Test Sequencing of 4AH1

Run sample on iSeq:

Dilute to 1 nM based off qPCR results. qPCR results are in pM, but 1:1000 dilution used. The results are effectively in nM for pool.

  • 1000/Results = ul of Pool to Add

1000/25 = 40uL of Pool to Add

  • 1000 - ul of Pool to Add = ul of “10 mM Tris 8.5” to Add

1000- 40 = 960uL of 10mM Tris 8.5

Dilute 1 nM full pool to loading concentration of 50 pM:

  • Add 5 ul 1 nM Pool to 85 ul “10 mM Tris 8.5” and 10 ul 50 pM PhiX

  • Remove iSeq 100 i1 Flow Cell from refrigerator 5’s crisper drawer and open white foil pack and allow to equilibrate to RT for 10-15 minutes.

  • Open “iSeq 100 i1 Reagent Cartridge v2”. Turn on iSeq100

  • Click on “Sequence”. Watch Video.

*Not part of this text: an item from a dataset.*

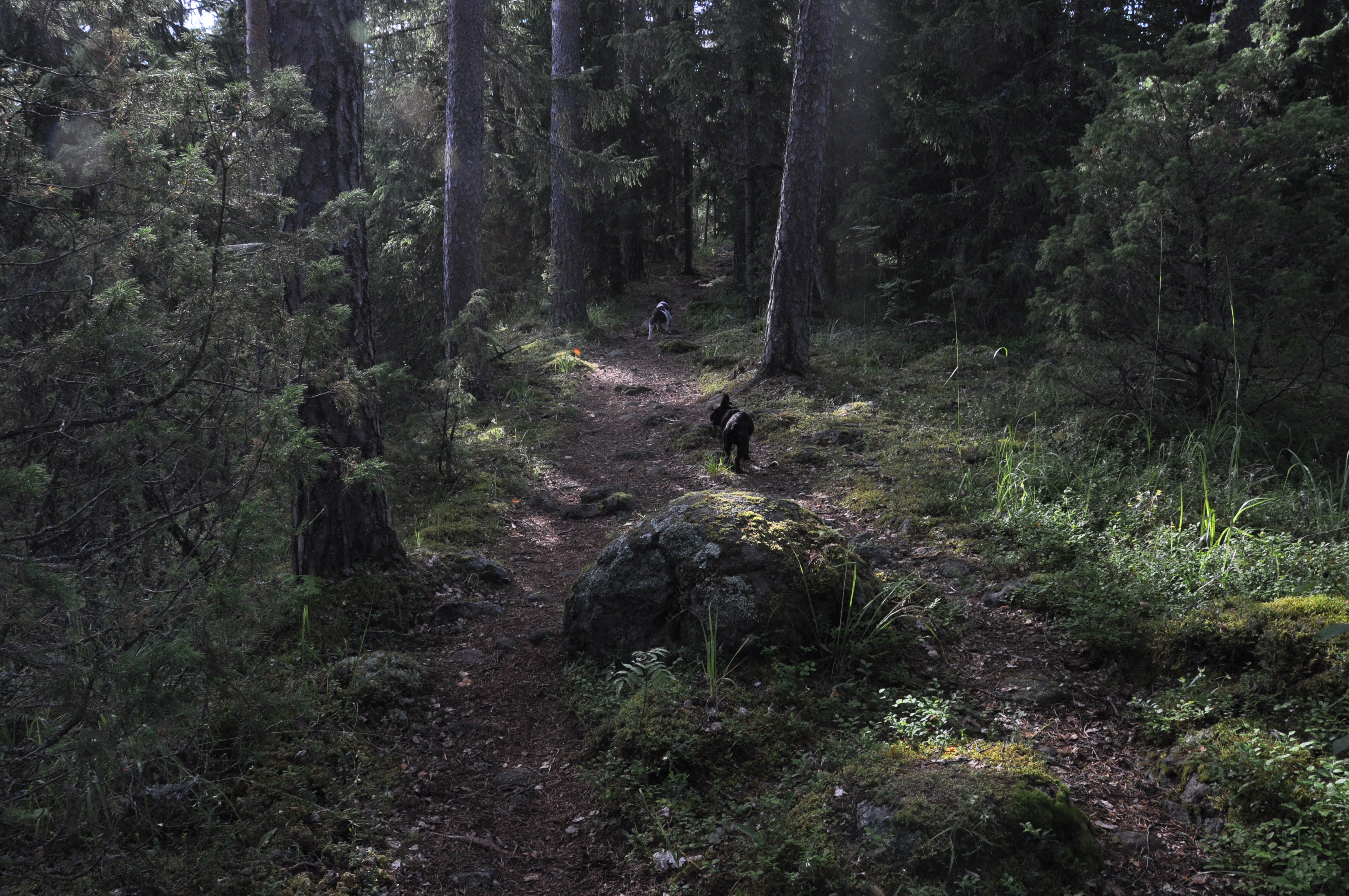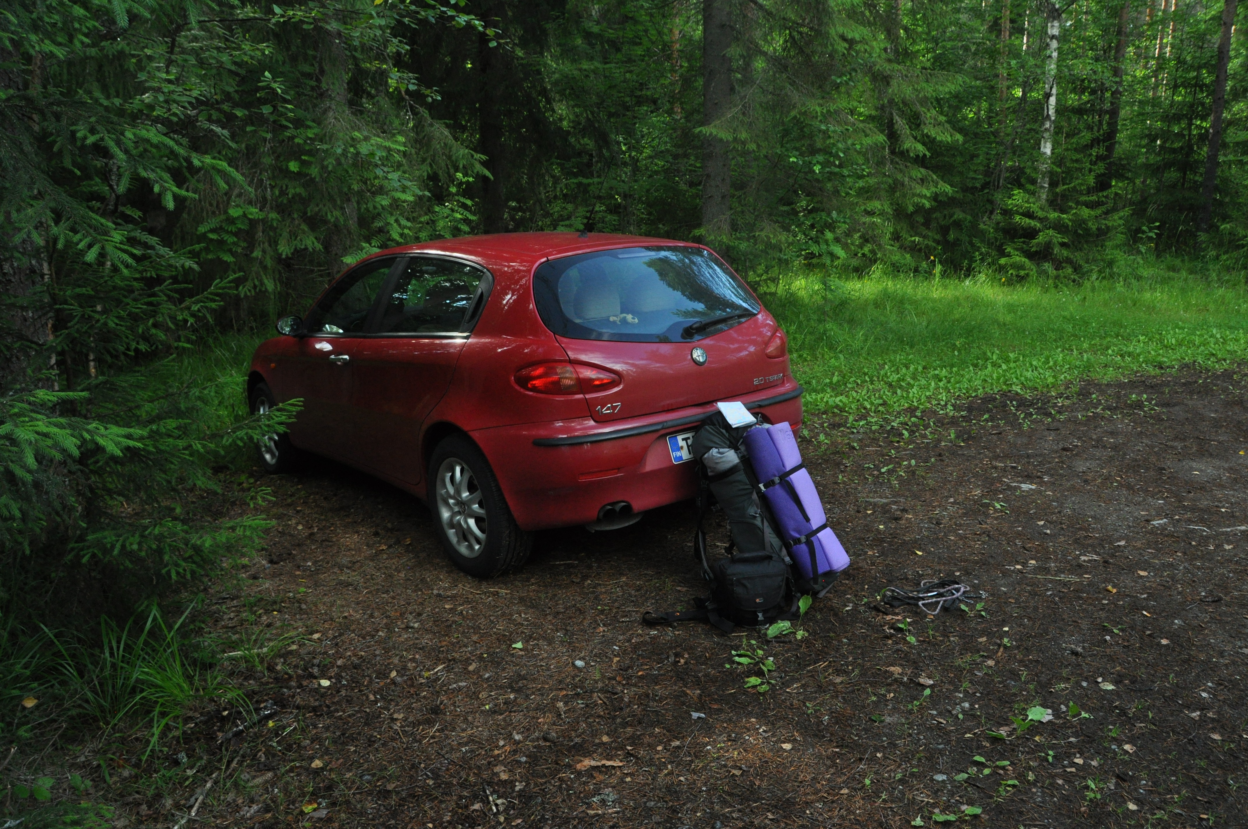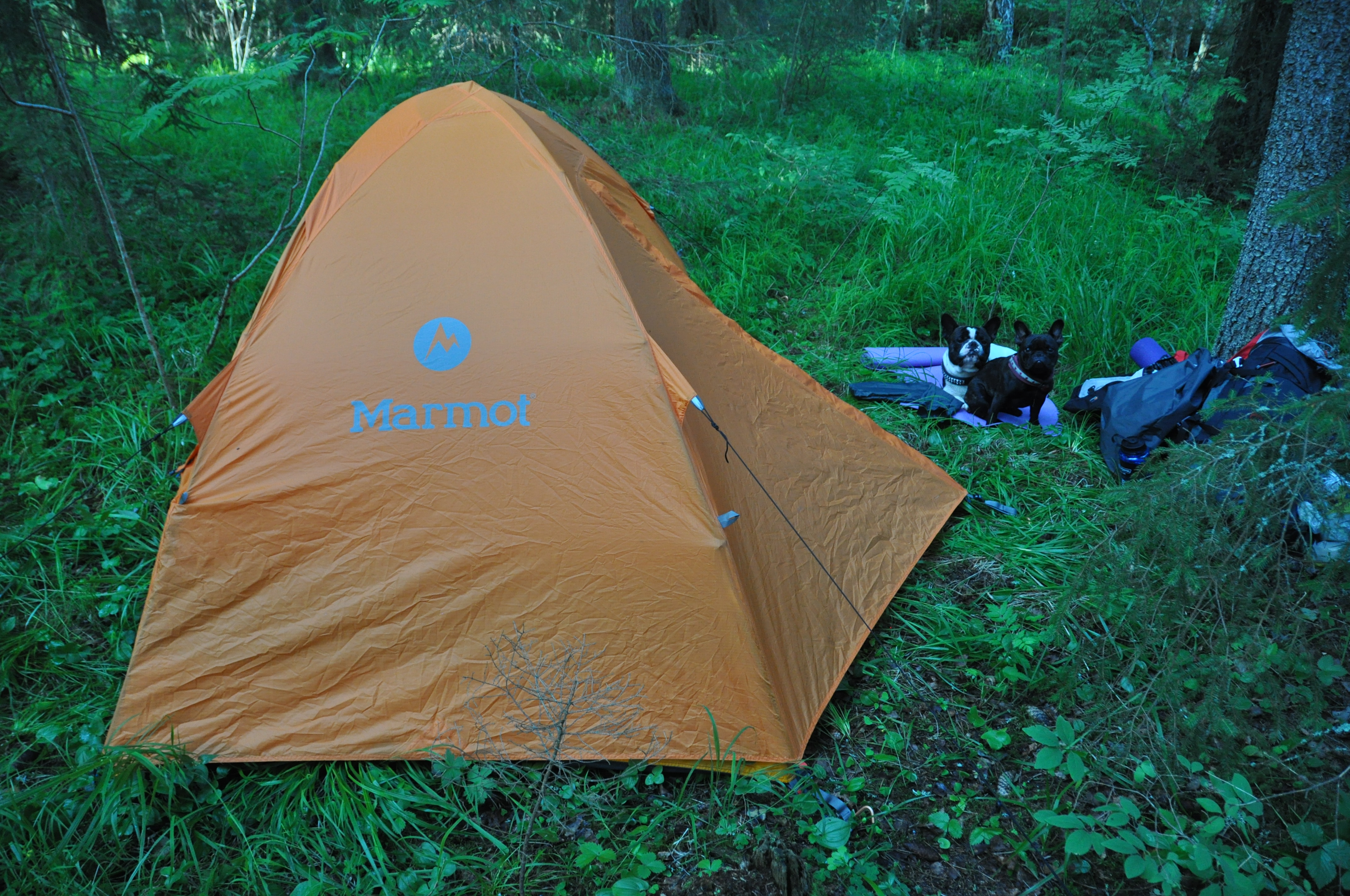 Minä lähdin tällä kertaa reissuun vain yhdeksi yöksi. Mukaan lähtivät Lulu ja Uuno ranskanbulldogit. Uuno on vanha retkeilijä, tai ei nyt niin hirveän vanha, vasta reilu pari vuotta, mutta Lululle tämä oli ensimmäinen telttayö ikinä. Lähdimme liikkeelle Syrjänalusen parkkipaikalta perjantai-iltana.

Do what video tells you to do. Follow on screen instructions until run starts.

  • Results located: Data/SequencingRuns/”folder with applicable date”/Alignment_1/Fastq/*.fastq.gz

Bioinformatics

Demux as per usual. Parese report in the same folder as the data. Parsing seemed to work well.

 

Curious if cross-contamination is not as bad for the one-step since there is no chance of primer and template carryover from the first PCR to the second.

Code used to determine cross-contamination:

cutadapt -g ^GTGYCAGCMGCCGCGGTAA -o R1out_no16s parsed_4AH1-1STEP_S1_L001_R1_001.fastq -e 0.25

cutadapt -g ^GGACTACHVGGGTWTCTAAT -o R2out_no16s parsed_4AH1-1STEP_S1_L001_R2_001.fastq  -e 0.25

cutadapt -g ^CTTGGTCATTTAGAGGAAGTAA -o R1out_no16s_noits R1out_no16s -e 0.25

cutadapt -g ^GCTGCGTTCTTCATCGATGC -o R2out_no16s_noits R2out_no16s -e 0.25

sed -i 's/\s/_/g' R1out_no16s_noits

sed -i 's/^>16/>rna16/' R1out_no16s_noits

sed -i 's/-/_/g' R1out_no16s_noits

awk '{if ($1 ~ /@/) {print}else{print substr ($0, 0, 13)}}' R1out_no16s_noits > short_polyg_filtered.fa

module load vsearch

vsearch --fastq_filter short_polyg_filtered.fa -fastaout short_polyg_filteredFA.fa

echo "Making coligo table"

#NOTE that the heuristics for usearch_global don't seem to work well for short sequences (as shown by various tests JH did), therefore using search_exact

vsearch -search_exact short_polyg_filteredFA.fa -db /project/microbiome/ref_db/coligos_and_abbreviatedISD.fa -strand plus -otutabout coligoTable  -maxaccepts 0 -minseqlen 5

Shifted to R to examine coligo table:

#Determine the extent to which coligos occur where they are not supposed to.

dat <- read.table("~/Desktop/teton/coligoTable", stringsAsFactors = F, header = T)
dat[1:5,1:5]
dim(dat)

key <- read.csv("~/Desktop/teton/NS4_4AH1_Demux.csv", stringsAsFactors = F)

names(dat) <- gsub("X(.*)","\1",names(dat))

key$forward_barcode <- toupper(key$forward_mid)
key$reverse_barcode <- toupper(key$reverse_mid)

key$combo <- paste(key$locus, key$forward_barcode, key$reverse_barcode, key$samplename, sep = "_")

for(i in 1:length(key$combo)){
names(dat)[which(key$combo[i] == names(dat))] <- key$wellposition[i]
}

dat$OTUID <- gsub("Coligo_", "",dat$OTUID)

dat <- dat[dat$OTUID != "ISD",]

percent_target <- NA

for(i in 2:length(names(dat))){
if(dat[dat$OTUID == names(dat)[i],i] > 15){
percent_target[i] <- dat[dat$OTUID == names(dat)[i],i] / sum(dat[,i])
}
}
mean(na.omit(percent_target))
summary(percent_target)
table(percent_target > 0.90)

dat[,1:15e

While cursory, it appears to me that cross-contamination is a bit reduced by the one-step PCR library prep. protocol. It would be of interest to do this analysis on the data for this plate that was generated using the two-step protocol (so we can compare apples to apples). I think those data are forthcoming.